Leave every picture out and write out the records below exactly.

[Stored items from a collection]
━━━━━━━━

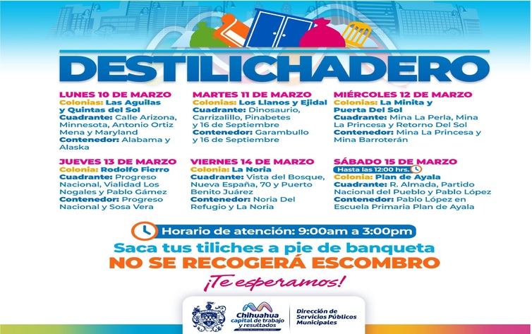 Chihuahua, Chih. A 8 de marzo de 2025.- Para evitar acumulaciones de basura de grandes dimensiones en las viviendas, que podría generar plagas o problemas de salud, el Gobierno Municipal, a través de la Dirección de Servicios Públicos Municipales, informa el calendario del programa Destilichadero, que se realizará del 10 al 15 de marzo en siete colonias de la Capital.
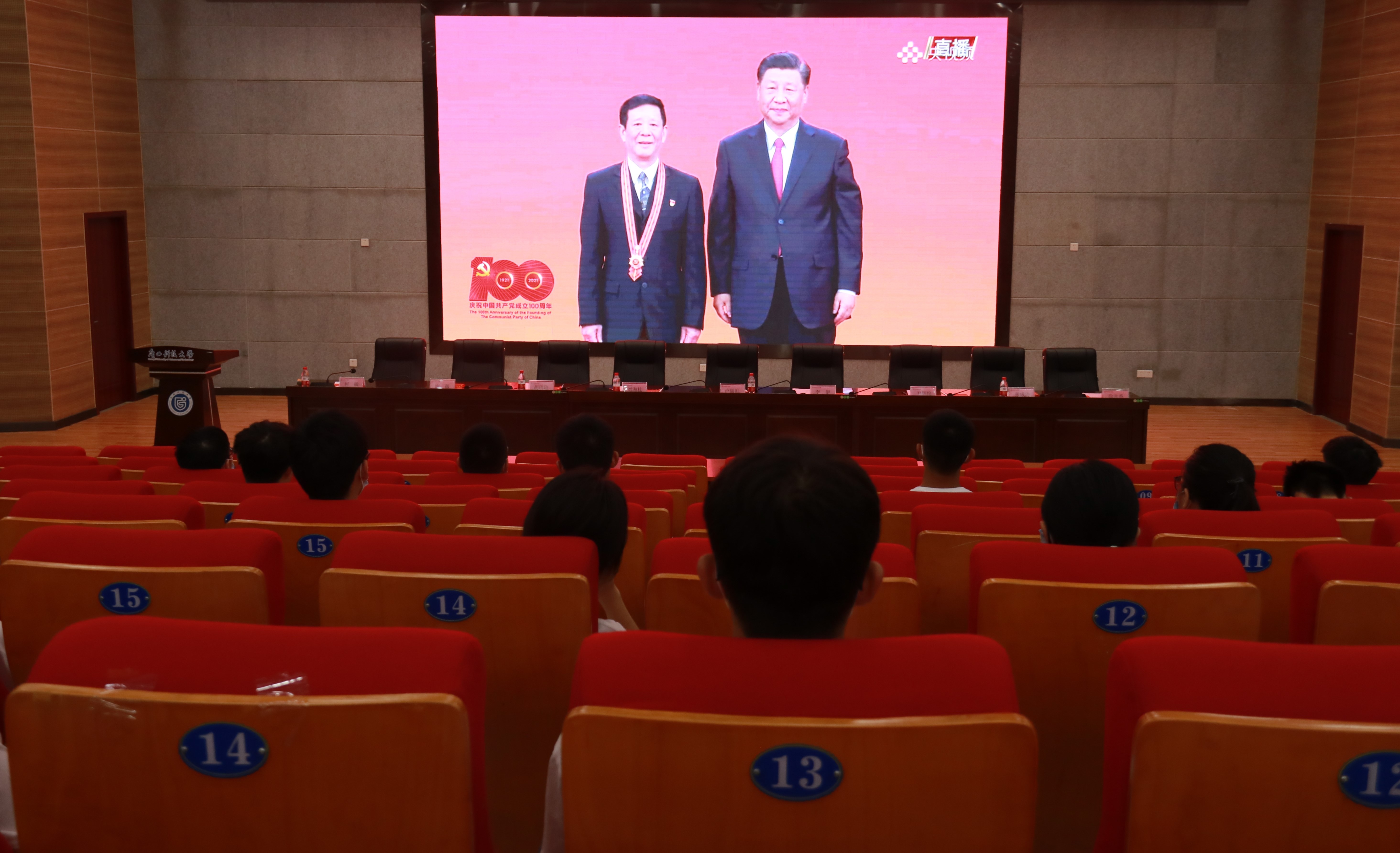 6月29日,机械与交通工程学院组织200多名师生党员在柳东校区多功能报告厅T1-303集中观看在人民大会堂隆重召开的《庆祝中国共产党成立100周年——“七一勋章”颁授仪式》直播。
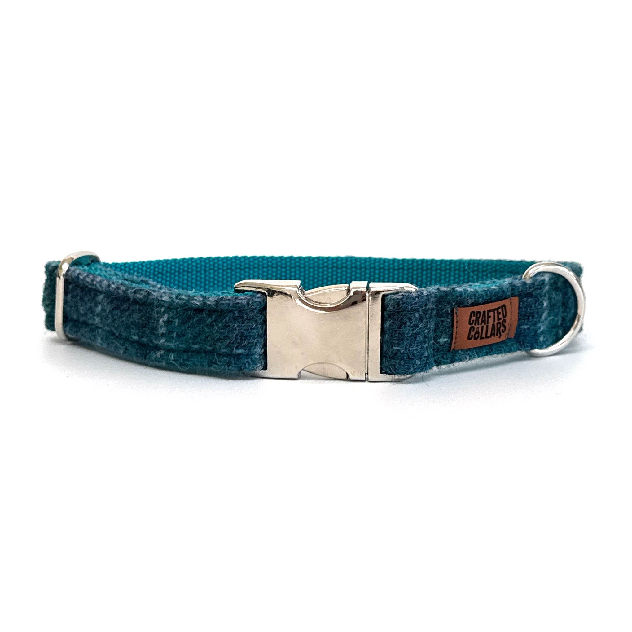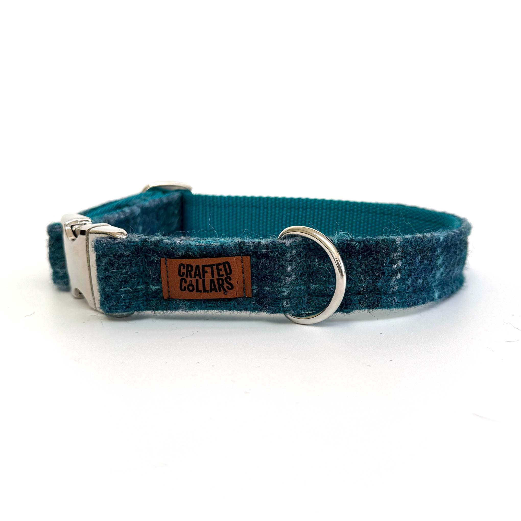 Add timeless style to your dog's wardrobe with this traditional check Harris Tweed® dog collar in shades of aqua blue, teal and green.
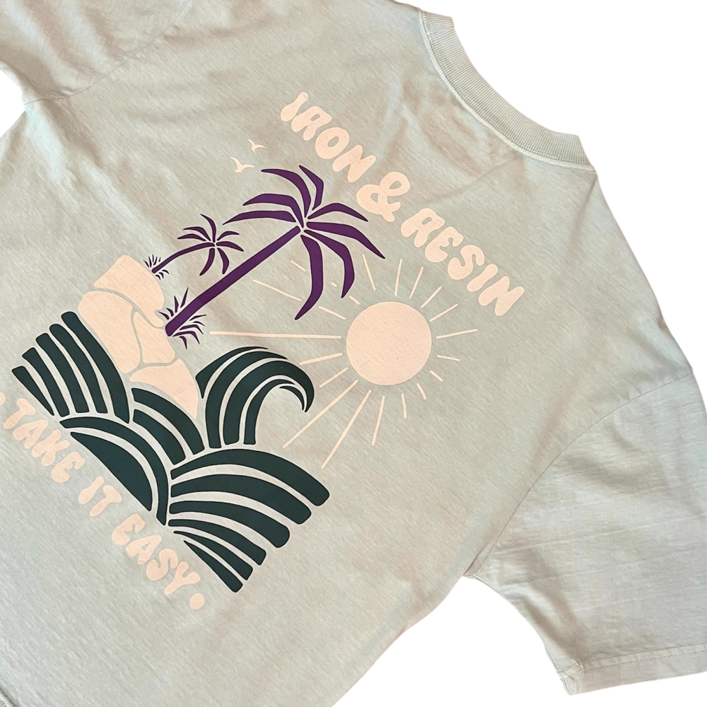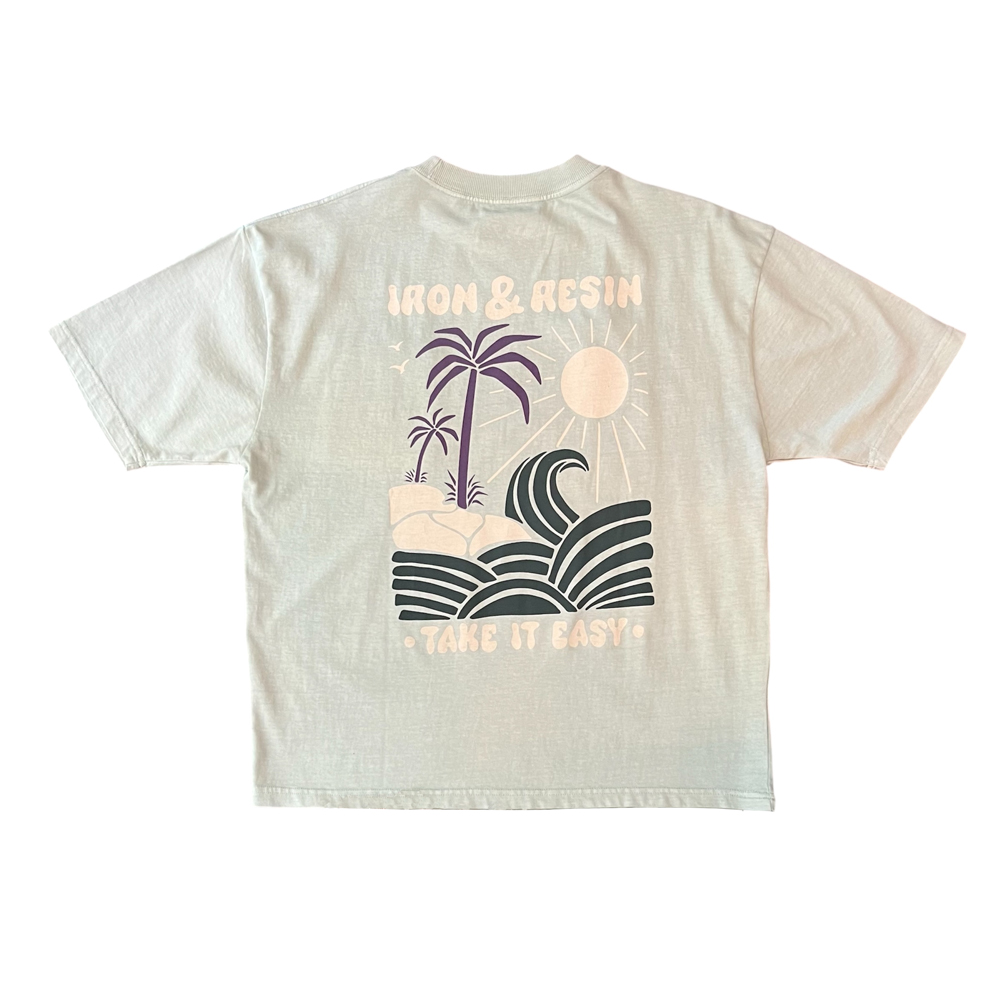 Le t-shirt Take it Easy vert de Iron and Resin nous plonge dans l’été. Réalisé dans un coton 240 gr., il est très confortable. Sa coupe ample et droite est tendance. Il possède une poche au niveau du coeur qui est imprimé du logo de la marque.
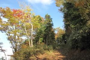 頂上付近の赤く色づく紅葉

━━━━━━━━

> Solution:
 Chihuahua, Chih. A 8 de marzo de 2025.- Para evitar acumulaciones de basura de grandes dimensiones en las viviendas, que podría generar plagas o problemas de salud, el Gobierno Municipal, a través de la Dirección de Servicios Públicos Municipales, informa el calendario del programa Destilichadero, que se realizará del 10 al 15 de marzo en siete colonias de la Capital.
 6月29日,机械与交通工程学院组织200多名师生党员在柳东校区多功能报告厅T1-303集中观看在人民大会堂隆重召开的《庆祝中国共产党成立100周年——“七一勋章”颁授仪式》直播。
 Add timeless style to your dog's wardrobe with this traditional check Harris Tweed® dog collar in shades of aqua blue, teal and green.
 Le t-shirt Take it Easy vert de Iron and Resin nous plonge dans l’été. Réalisé dans un coton 240 gr., il est très confortable. Sa coupe ample et droite est tendance. Il possède une poche au niveau du coeur qui est imprimé du logo de la marque.
 頂上付近の赤く色づく紅葉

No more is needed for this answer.